As budgets are put under more pressure, papers have
inevitably shed specialist staff, so that there is invariably no knowledge of
transport matters in-house beyond someone who occasionally gets out of the
office to road test cars. This means that press releases tend to get churned
over when it comes to anything else. But, as the latest news from train
operator Eurostar shows, they can’t even get that right.
Eurostar train sets at St Pancras International
Eurostar has bought some new trains. These are being built
by Siemens in Germany. Ten were ordered; the company has since increased its
order to 17. The new trains have a top speed of 320km/h, or 198mph. They can seat
900 passengers, and will have Wi-Fi throughout (please note, Virgin Trains, in
Standard Class as well as in First). The estimated date of first service is
late next year.
Some papers have effectively admitted they are churning over
the press release: for instance, the
Telegraph has put “Agency” on the by-line. And the Tel has stuck to what that press release
says. But just saying the new trains are, well, new was too much for some in
the Fourth Estate. Someone, somewhere, decided they would slash London to Paris
journey times.
The
Independent was cautious: “it is reportedly estimated to cut journey
times from London to Paris by 15 minutes”. Not
so the Mail: “London to Paris in just two hours: Eurostar
unveils new state-of-the-art 200mph train that will slash journey time by 15
minutes”. The
Standard concurred: “Eurostar
launches new 200mph trains which will slash London-Paris journey times”.

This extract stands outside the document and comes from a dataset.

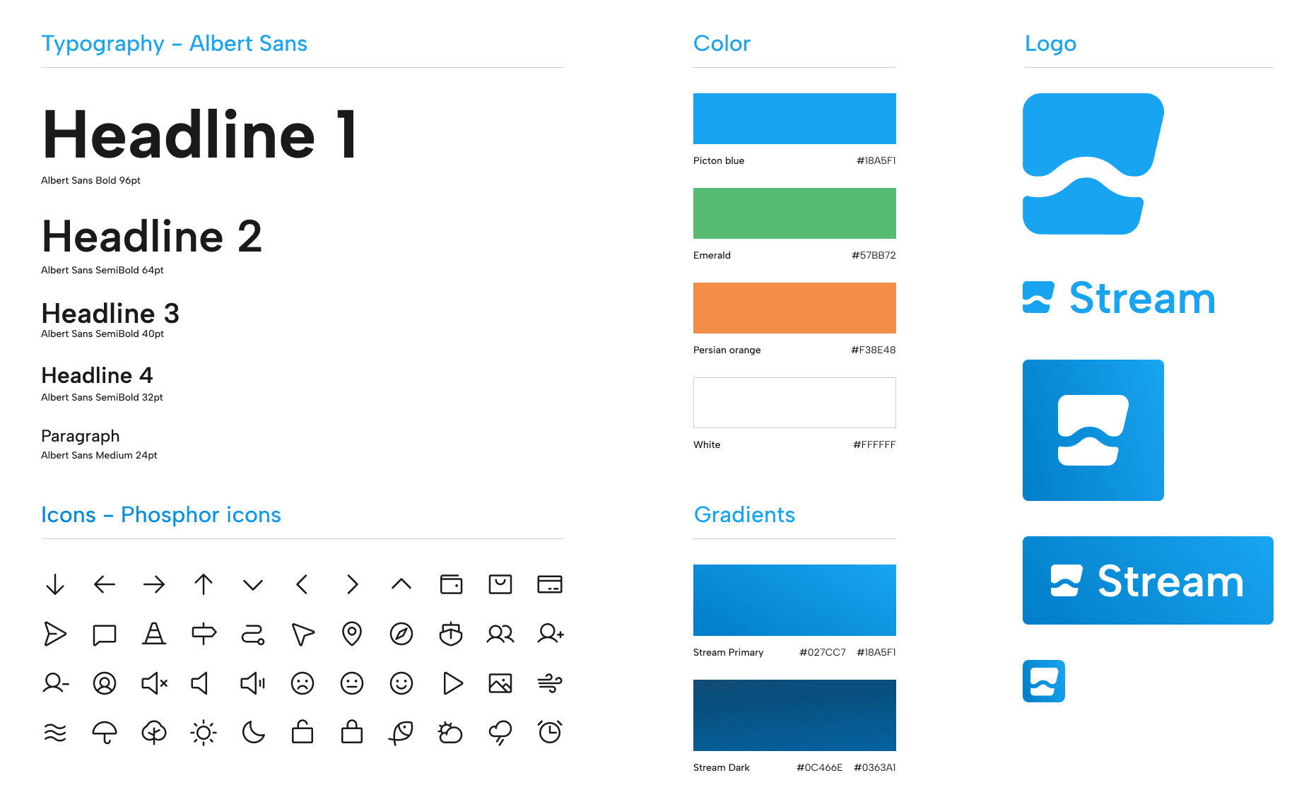 The below colors, gradients, fonts, and components became the visual identity & design system of Stream to communicate its reliability and support its information relay.

But, as Captain Blackadder might have observed, there was
only one thing wrong with this idea – it was bollocks. There is no location
between London and Paris – or between London and Brussels, for that matter –
that permits a higher line speed than 300km/h, which the current TGV-derived
Eurostar sets can already achieve. Any time savings would be down to better
acceleration – and would be minimal.
What the press also fails to mention as it tells of direct
services from London to, well, all over Europe is that the UK Government’s security
paranoia, which excludes us from joining the Schengen zone, means the same
baggage and passport checks not just at St Pancras International, but also most
likely during an enforced en-route stop at Lille. But, of course, that isn’t in
the press release.
It has been left to the deeply subversive Guardian to give readers the
more factual stuff: “The trains are
slightly higher and wider than the original”. The original Eurostar sets
had to fit within the Network Rail structure gauge. The new ones don’t, and so
are more spacious. But they still aren’t going to slash journey times between
London and Paris, or London and Brussels.
Our free and fearless press – it can’t even copy a press release correctly.
5 comments:
There's "journey time" and "journey time". To operators it's from when the wheels start moving to when they stop. To passengers it's when you have to be there until when you can go your own way. Eurostar has always had checkin time stuck on the front but thanks to newspaper scare stories and Home Office panic most from Brussels now have extra hanging aorund time at the end whilst a second passport check is done. A 15 minute saving by the operators' calculation would be needed to get many passengers from Brussels back to where they were 2 years ago!
Still, trains that are capable of going faster than they are allowed to is nothing new in Britain. The East Coast's Class91/Mark 4 trains were designed for 140mph in 1988 but have never been permitted to go more than 125mph and the same happened to Virgin's Pendolinos, except they had to have a spell of 110 first!
Another thing about the e320s is that they apparently go straight onto London-Paris, with 373s on the other routes, which by definition are mostly longer (other than Brussels). Some might actually benefit from 320kph in places - isn't some of the Marseille line 320?
The real reason for the e320s is cost (much cheaper to maintain, being newer and not squashed into a UK loading gauge) and capacity (900-odd passengers, or two A380s worth per trip).
Reputedly on Friday evening Eurostar are capacity constrained on Paris runs, and can easily sell more tickets if they had more seats, hence the urgency of getting e320s on that route, regardless of journey time improvements. 373s are fine for longer, thinner trips, but even there they're getting a bit long in the tooth - the French are scrapping three of their sets.
Even if the infrastructure could take much higher speeds Eurostar may have found the same problem as the Japanese did with the latest Shinkansen. When the Japanese ran them at design speed the lineside noise was so great it disturbed residents, so the speed had to be reduced.
LGV Nord and HS1 both have design speeds in excess of 300km/h - the issue is more that for capacity reasons, it's unlikely to be sensible to run the e320s at a slightly higher speed than the existing sets. As we know from WCML experience...
IC225s on the ECML had a period when they could run at their full speed on "flashing green" signals, but the regulations were changed to require in-cab signalling above 125 mph.